Ja, das Team hat sich verändert. Ja, die Ducks können sich Inspiration von den St. Louis Blues holen, die drei Jahre in Folge Chancen ausließen, die erste Runde zu überstehen, eine 3-2 Serien Führung am Samstag gegen die Blackhawks verspielten, eine 2-0 Führung in Spiel 7 am Montag verspielten und am Ende doch gewannen.

Aber lassen wir es auf uns zukommen.

"Natürlich glaube ich, dass es Druck gibt", sagte Predators Trainer Peter Laviolette. "Ich glaube Dinge aus der Vergangenheit beschäftigen einen etwas und es ist im Hinterkopf."

Die Ducks sind verdammt zum Siegen. Sie beendeten die NHL Tabelle als Sechster; die Predators als 14. Sie rangieren an Eins bei den Gegentoren und der Unterzahl; die Predators waren nicht annähernd so gut. Wenige rechneten mit einem Predators Sieg; nur drei von 70 Experten, aufgrund der Zählweise von Laviolette, der glücklich ist in der Außenseiterrolle zu spielen.

Die Ducks sind erwartungsgemäß Anwärter auf den Stanley Cup. Sie wurden zusammen gestellt, das zu erreichen und sie sind in den letzten drei Jahren an der Aufgabe gewachsen: Erste Runde, zweite Runde, dritte Runde. Eine weitere 3-2 Serien Führung und Spiel 7 verloren, wieder in der ersten Runde, wäre ein Desaster.

"Nichts muss gesagt werden“, sagte Kapitän Ryan Getzlaf, einer der Ducks, der bei jeder der drei Niederlagen in den vergangenen drei Jahren dabei war. "Wir müssen raus gehen und es tun. Es gibt keine großen Ansprachen oder sonst irgendwas wenn es ein Spiel 7 gibt. Jeder weiß, was er tun sollte und wir müssen raus gehen und besser zuschlagen als die andere Gruppe.“

Das Schöne daran ist, wie es immer ist, dass es nach sechs Spielen keine Vorahnung gibt was uns erwartet. Ein großartiges Spiel? Ein glückliches Tor? Ein Starspieler? Einer aus dem hinteren Glied?
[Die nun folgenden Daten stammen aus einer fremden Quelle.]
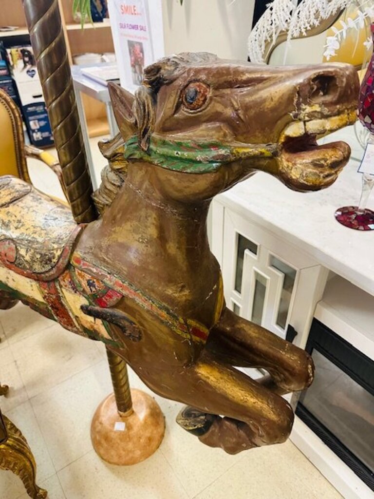 Early 20th century carved wood carousel horse with brass pole and painted details, featuring classic form and age-appropriate surface wear.

Frederik Andersen kam auf 3-0 mit 96,6 Prozent Fangquote in dieser Serie seitdem er das Tor für Anaheim übernommen hatte. Er sah auch am Montag gut aus.

Trotzdem verlor er.

Zur selben Zeit hat Rinne elf Tore in drei Spielen zugelassen und kam auf 88,9 Prozent Fangquote in dieser Serie und er kam zurück, indem er nur ein Tor erlaubte und einen großartigen Save gegen Ducks Rechtsaußen Corey Perry spät im dritten Drittel zeigte. Wer macht den Unterschied in Spiel 7? Wer weiß?

Ducks Center Ryan Kesler hat Predators Center Ryan Johansen die meiste Zeit der Serie zugedeckt, indem er gegen ihn zu Hause als auch auswärts angetreten ist. Aber in einem seltenen Moment, als Kesler gegen ihn am Montag gefehlt hatte, nutzte Johansen die Gelegenheit und startete zu einer 2 auf 1 Situation und bediente James Neal zu dem was am Ende das Siegtor werden sollte. Wird er in Schlüsselmomenten in Spiel 7 ausbrechen können? Wird Kesler ihn erneut zudecken? Wird es etwas ausmachen?

Wird der Siegtreffer von jemanden wie Predators Verteidiger Mattias Ekholm kommen, der acht Tore in 82 Spielen der regulären Saison hatte und sein zweites in sechs Playoff Spielen am Montag erzielte, oder wird es jemand sein wie Perry, ein Rocket Richard Gewinner, der in dieser Serie noch nicht getroffen hat?

Das ist es worum es am Ende geht, Nashville.

Jetzt seid ihr an der Reihe.

"Sie sind großartige Fans", sagte Weber. "Ich bin sicher sie haben schon sehr viele Spiel 7 gesehen. Sie wissen, wie wichtig es ist, wie viel Spaß es macht. Es wird das erste unterhaltsame für diese Franchise und hoffentlich ist es ein gutes."